Montenegro has set the corporate profits tax rate at 9%, reduced from the previous two-rate system of 15% on taxable profit up to €100,000 and 20% on the gain exceeding €100,000.

In 2010, Montenegro will have a unified flat tax of 9% on personal and corporate income. This will be one percentage point less than the 10% unified rate in Macedonia, two points below Georgia, and three points less than Russia and Ukraine.

The flat tax movement in Montenegro was initiated in March 2004 by the Montenegro Business Alliance, a private Chamber of Commerce ( Further information on Montenegro’s flat tax and its investment climate can be obtained from Dr. Petar Ivanovic, Director of the Montenegrin Investment Promotion Agency (

The flat tax has also been put on the agenda in three more countries. On March 13, 2007, Prime Minister Sali Berisha of Albania secured approval of the Strategic Planning Committee that he chairs for a unified 10% flat tax on personal and corporate income. The proposal has been sent to Albania’s parliament for its consideration. If enacted in a timely manner, the 10% tax on personal income would take effect on July 1, 2007. The proposed 10% flat tax on would slash Albania’s corporate 20% tax in half effective January 1, 2008. The reform will streamline the fiscal system, eliminating the arbitrage between the corporate tax, dividends, and the personal income tax.

In the Czech Republic, the government announced a raft of major tax reforms on April 2, 2007. If approved by the Czech parliament, the proposals set forth by Finance Minister Miroslav Kalousek would, effective January 1, 2008, levy a 15% flat tax on personal income, replacing the current system with four rates of 12, 19, 25, and 32%. The reforms also include a reduction in the corporate tax rate from 24% to 19%, putting the latter in line with those in neighboring Slovakia and Poland. The proposals face a struggle in parliament with only half the seats held in the Chamber of Deputies by ruling coalition parties.

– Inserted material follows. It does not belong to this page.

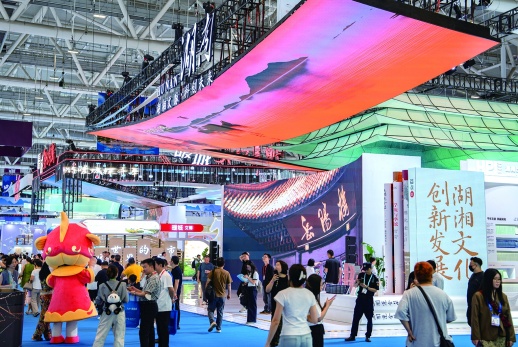 5月22日,观众在湖南馆参观。当天,第二十一届中国(深圳)国际文化产业博览交易会在深圳国际会展中心开幕。本届文博会,湖南馆以“湖湘文脉·科创未来”为主题,总面积1134,设立主形象区、“科文融合”综合展区、音视频产业专题展览,以湖湘文脉传承为核心,充分展示近年来湖南省在“文化和科技融合”领域的创新成果。

In late March 2007, Prime Minister and Nobel prize winner Jose Ramos-Horta of East Timor set forth a tax reform plan designed to encourage the local business sector, attract foreign investment, largely from Australia, and create jobs. Ramos-Horta plans to transform East Timor into a free-trade nation, with no tariffs, sales tax, or excise taxes save on dangerous substances. He proposes to set personal and corporate income tax rates at the same flat rate between 5 and 10%. His proposal is being drafted into law based on consultations with the World Bank, the United Nations Development Program, academics, and the International Monetary Fund. Although the IMF had pushed for a flat rate between 15 and 20% to prevent East Timor from becoming a tax haven, the availability of oil revenue permits a lower rate, which minimizes the need to spend resources on tax collection.